Enables software rendering via drawing an image straight to a window.
Softbuffer integrates with the raw-window-handle
crate
to allow writing pixels to a window in a cross-platform way while using the very high quality dedicated window management
libraries that are available in the Rust ecosystem.
minifb also allows putting a 2D buffer/image on a window in a platform-independent way. Minifb's approach to doing window management itself, however, is problematic code duplication. We already have very high quality libraries for this in the Rust ecosystem (such as winit), and minifb's implementation of window management is not ideal. For example, it occasionally segfaults on some platforms and is missing key features such as the ability to set a window icon. While it would be possible to add these features to minifb, it makes more sense to instead use the standard window handling systems.

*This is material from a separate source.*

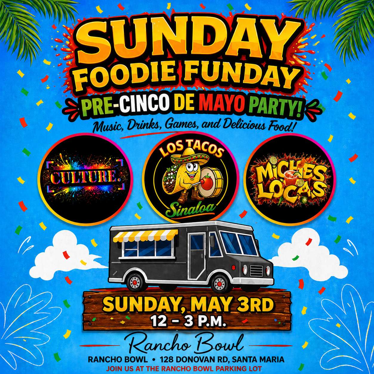 It's baaack! SUNDAY FOODIE FUNDAY is this Sunday from 12-3pm. Enjoy delicious food from Big Jaykes, Michas Locas and culture.805 along with music and drinks. ... See MoreSee Less

What about pixels? Pixels accomplishes a very similar goal to Softbuffer, however there are two key differences. Pixels provides some capacity for GPU-accelerated post-processing of what is displayed, while Softbuffer does not. Due to not having this post-processing, Softbuffer does not rely on the GPU or hardware accelerated graphics stack in any way, and is thus more portable to installations that do not have access to hardware acceleration (e.g. VMs, older computers, computers with misconfigured drivers). Softbuffer should be used over pixels when its GPU-accelerated post-processing effects are not needed.
This library is dual-licensed under MIT or Apache-2.0, just like minifb and rust. Significant portions of code were taken from the minifb library to do platform-specific work.
Some, but not all, platforms supported in raw-window-handle are supported by Softbuffer. Pull requests are welcome to add new platforms! Nonetheless, all major desktop platforms that winit uses on desktop are supported.
For now, the priority for new platforms is: 1) to have at least one platform on each OS working (e.g. one of Win32 or WinRT, or one of Xlib, Xcb, and Wayland) and 2) for that one platform on each OS to be the one that winit uses.
(PRs will be accepted for any platform, even if it does not follow the above priority.)
Platform | |
---|---|
Android NDK | ❌ |
AppKit | ✅ |
Orbital | ✅ |
UIKit | ✅ |
Wayland | ✅ |
Web | ✅ |
Win32 | ✅ |
WinRT | ❌ |
XCB | ✅ |
Xlib | ✅ |
✅: Present\ ❔: Immature\ ❌: Absent
To run an example with the web backend: cargo run-wasm --example winit
use std::num::NonZeroU32;
use std::rc::Rc;
use winit::event::{Event, WindowEvent};
use winit::event_loop::{ControlFlow, EventLoop};
use winit::window::Window;
#[path = "../examples/utils/winit_app.rs"]
mod winit_app;
fn main() {
let event_loop = EventLoop::new().unwrap();
let mut app = winit_app::WinitAppBuilder::with_init(|elwt| {
let window = {
let window = elwt.create_window(Window::default_attributes());
Rc::new(window.unwrap())
};
let context = softbuffer::Context::new(window.clone()).unwrap();
let surface = softbuffer::Surface::new(&context, window.clone()).unwrap();
(window, surface)
}).with_event_handler(|state, event, elwt| {
let (window, surface) = state;
elwt.set_control_flow(ControlFlow::Wait);
match event {
Event::WindowEvent { window_id, event: WindowEvent::RedrawRequested } if window_id == window.id() => {
let (width, height) = {
let size = window.inner_size();
(size.width, size.height)
};
surface
.resize(
NonZeroU32::new(width).unwrap(),
NonZeroU32::new(height).unwrap(),
)
.unwrap();
let mut buffer = surface.buffer_mut().unwrap();
for index in 0..(width * height) {
let y = index / width;
let x = index % width;
let red = x % 255;
let green = y % 255;
let blue = (x * y) % 255;
buffer[index as usize] = blue | (green << 8) | (red << 16);
}
buffer.present().unwrap();
}
Event::WindowEvent {
event: WindowEvent::CloseRequested,
window_id,
} if window_id == window.id() => {
elwt.exit();
}
_ => {}
}
});
event_loop.run_app(&mut app).unwrap();
}
This crate's Minimum Supported Rust Version (MSRV) is 1.70. Changes to the MSRV will be accompanied by a minor version bump.
As a tentative policy, the upper bound of the MSRV is given by the following formula:
min(sid, stable - 3)
Where sid
is the current version of rustc
provided by Debian Sid, and
stable
is the latest stable version of Rust. This bound may be broken in case of a major ecosystem shift or a security vulnerability.
Orbital is not covered by this MSRV policy, as it requires a Rust nightly toolchain to compile.
All crates in the rust-windowing
organizations have the
same MSRV policy.
See the changelog for a list of this package's versions and the changes made in each version.